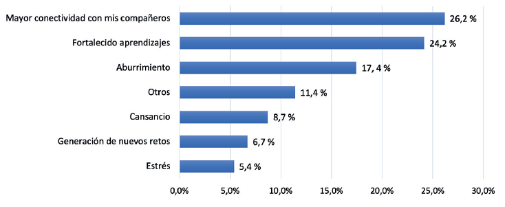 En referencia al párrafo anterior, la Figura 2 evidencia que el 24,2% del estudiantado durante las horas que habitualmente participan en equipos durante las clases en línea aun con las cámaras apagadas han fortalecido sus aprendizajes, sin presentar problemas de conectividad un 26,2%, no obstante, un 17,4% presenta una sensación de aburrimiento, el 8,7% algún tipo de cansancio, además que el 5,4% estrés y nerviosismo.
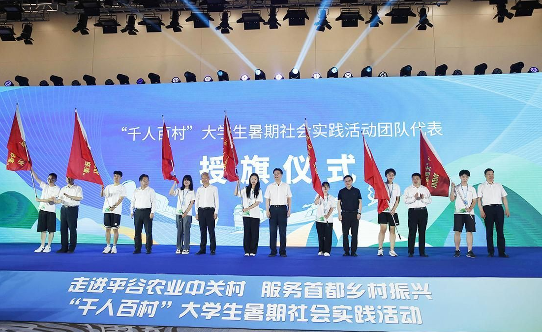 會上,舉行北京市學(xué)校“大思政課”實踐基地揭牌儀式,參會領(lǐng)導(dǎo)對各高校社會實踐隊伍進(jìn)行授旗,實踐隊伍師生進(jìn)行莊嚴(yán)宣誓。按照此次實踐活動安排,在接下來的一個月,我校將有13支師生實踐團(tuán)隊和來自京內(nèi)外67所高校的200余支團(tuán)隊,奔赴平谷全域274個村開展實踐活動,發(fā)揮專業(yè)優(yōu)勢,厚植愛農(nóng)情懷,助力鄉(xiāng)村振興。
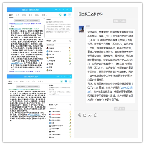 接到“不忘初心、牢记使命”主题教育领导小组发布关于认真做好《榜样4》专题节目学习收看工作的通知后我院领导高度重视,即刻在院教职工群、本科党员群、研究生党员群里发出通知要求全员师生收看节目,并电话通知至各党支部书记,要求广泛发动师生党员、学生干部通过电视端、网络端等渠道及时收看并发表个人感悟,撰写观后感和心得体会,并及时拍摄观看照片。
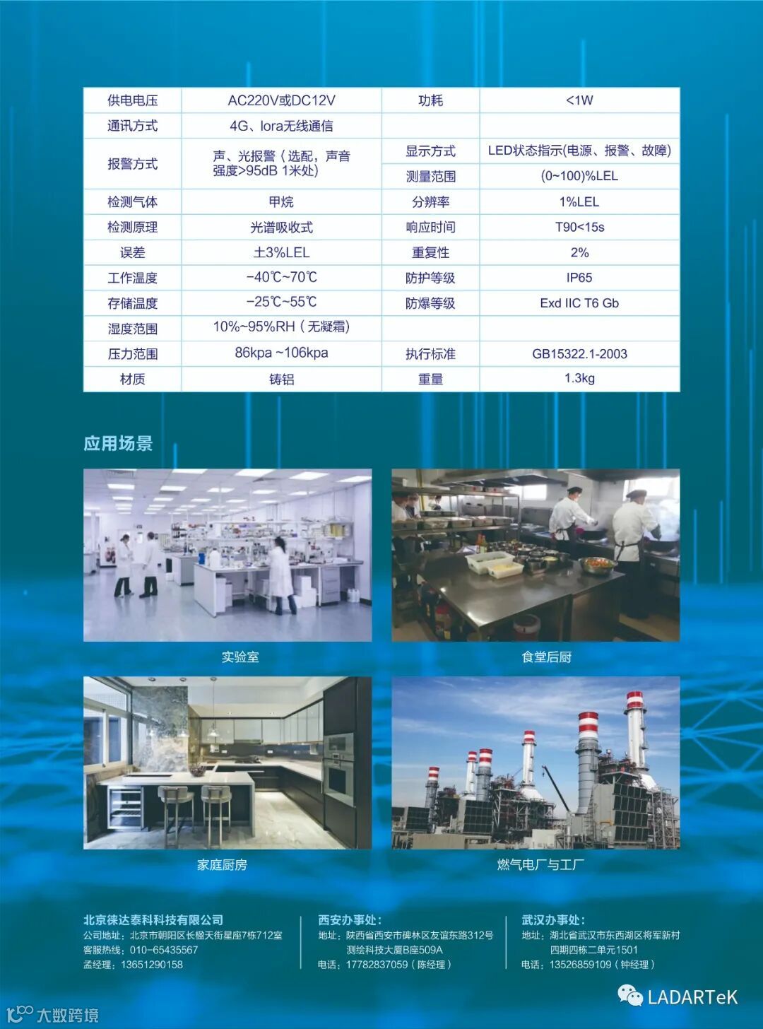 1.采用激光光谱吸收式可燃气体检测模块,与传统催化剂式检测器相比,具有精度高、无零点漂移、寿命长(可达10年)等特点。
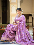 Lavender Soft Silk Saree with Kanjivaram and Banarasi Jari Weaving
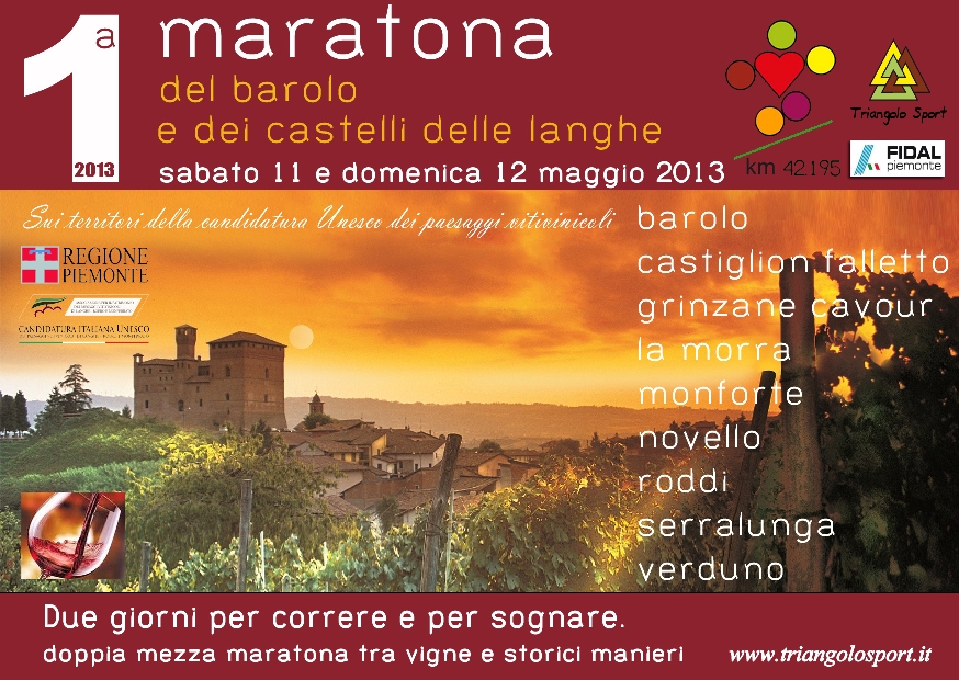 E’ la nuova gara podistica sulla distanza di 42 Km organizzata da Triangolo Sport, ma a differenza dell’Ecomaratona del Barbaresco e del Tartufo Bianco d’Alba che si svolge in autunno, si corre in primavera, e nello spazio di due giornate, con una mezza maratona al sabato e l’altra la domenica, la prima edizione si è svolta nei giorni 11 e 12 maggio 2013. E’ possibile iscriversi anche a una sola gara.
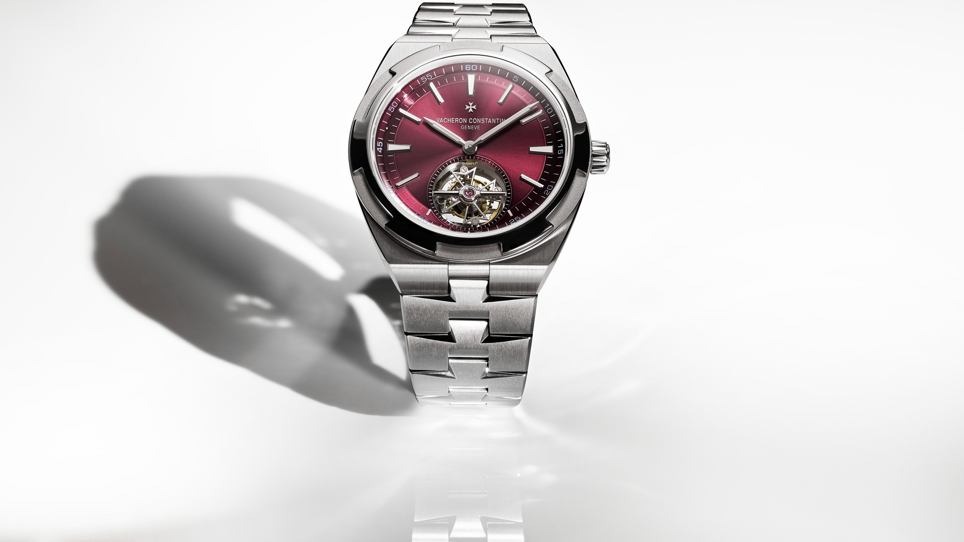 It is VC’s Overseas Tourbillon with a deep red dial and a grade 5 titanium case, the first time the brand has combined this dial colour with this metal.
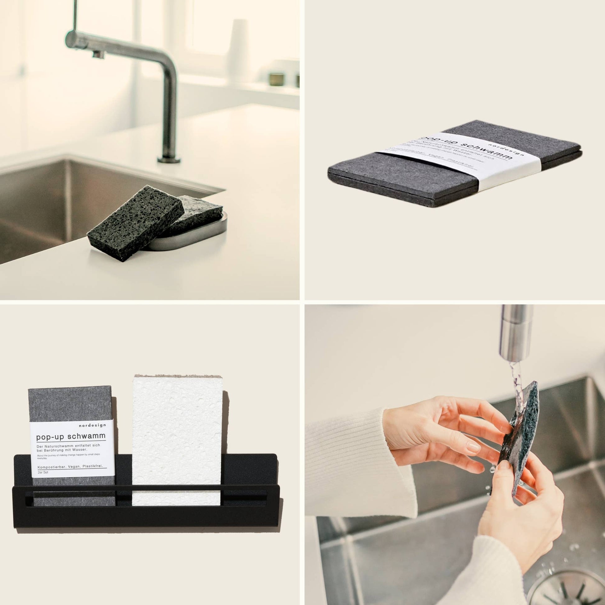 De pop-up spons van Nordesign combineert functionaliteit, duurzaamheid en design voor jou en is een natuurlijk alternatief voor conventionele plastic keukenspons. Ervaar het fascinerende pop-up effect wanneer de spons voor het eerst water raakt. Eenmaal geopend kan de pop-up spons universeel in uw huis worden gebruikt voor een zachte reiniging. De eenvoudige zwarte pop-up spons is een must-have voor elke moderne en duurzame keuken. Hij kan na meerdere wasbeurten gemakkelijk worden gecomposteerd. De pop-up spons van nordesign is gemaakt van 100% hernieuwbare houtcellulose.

....................

--- PROMPT ---
Output the records verbatim without pictures.

--- FINISHED EXERCISE ---
 En referencia al párrafo anterior, la Figura 2 evidencia que el 24,2% del estudiantado durante las horas que habitualmente participan en equipos durante las clases en línea aun con las cámaras apagadas han fortalecido sus aprendizajes, sin presentar problemas de conectividad un 26,2%, no obstante, un 17,4% presenta una sensación de aburrimiento, el 8,7% algún tipo de cansancio, además que el 5,4% estrés y nerviosismo.
 會上,舉行北京市學(xué)校“大思政課”實踐基地揭牌儀式,參會領(lǐng)導(dǎo)對各高校社會實踐隊伍進(jìn)行授旗,實踐隊伍師生進(jìn)行莊嚴(yán)宣誓。按照此次實踐活動安排,在接下來的一個月,我校將有13支師生實踐團(tuán)隊和來自京內(nèi)外67所高校的200余支團(tuán)隊,奔赴平谷全域274個村開展實踐活動,發(fā)揮專業(yè)優(yōu)勢,厚植愛農(nóng)情懷,助力鄉(xiāng)村振興。
 接到“不忘初心、牢记使命”主题教育领导小组发布关于认真做好《榜样4》专题节目学习收看工作的通知后我院领导高度重视,即刻在院教职工群、本科党员群、研究生党员群里发出通知要求全员师生收看节目,并电话通知至各党支部书记,要求广泛发动师生党员、学生干部通过电视端、网络端等渠道及时收看并发表个人感悟,撰写观后感和心得体会,并及时拍摄观看照片。
 1.采用激光光谱吸收式可燃气体检测模块,与传统催化剂式检测器相比,具有精度高、无零点漂移、寿命长(可达10年)等特点。
 Lavender Soft Silk Saree with Kanjivaram and Banarasi Jari Weaving
 E’ la nuova gara podistica sulla distanza di 42 Km organizzata da Triangolo Sport, ma a differenza dell’Ecomaratona del Barbaresco e del Tartufo Bianco d’Alba che si svolge in autunno, si corre in primavera, e nello spazio di due giornate, con una mezza maratona al sabato e l’altra la domenica, la prima edizione si è svolta nei giorni 11 e 12 maggio 2013. E’ possibile iscriversi anche a una sola gara.
 It is VC’s Overseas Tourbillon with a deep red dial and a grade 5 titanium case, the first time the brand has combined this dial colour with this metal.
 De pop-up spons van Nordesign combineert functionaliteit, duurzaamheid en design voor jou en is een natuurlijk alternatief voor conventionele plastic keukenspons. Ervaar het fascinerende pop-up effect wanneer de spons voor het eerst water raakt. Eenmaal geopend kan de pop-up spons universeel in uw huis worden gebruikt voor een zachte reiniging. De eenvoudige zwarte pop-up spons is een must-have voor elke moderne en duurzame keuken. Hij kan na meerdere wasbeurten gemakkelijk worden gecomposteerd. De pop-up spons van nordesign is gemaakt van 100% hernieuwbare houtcellulose.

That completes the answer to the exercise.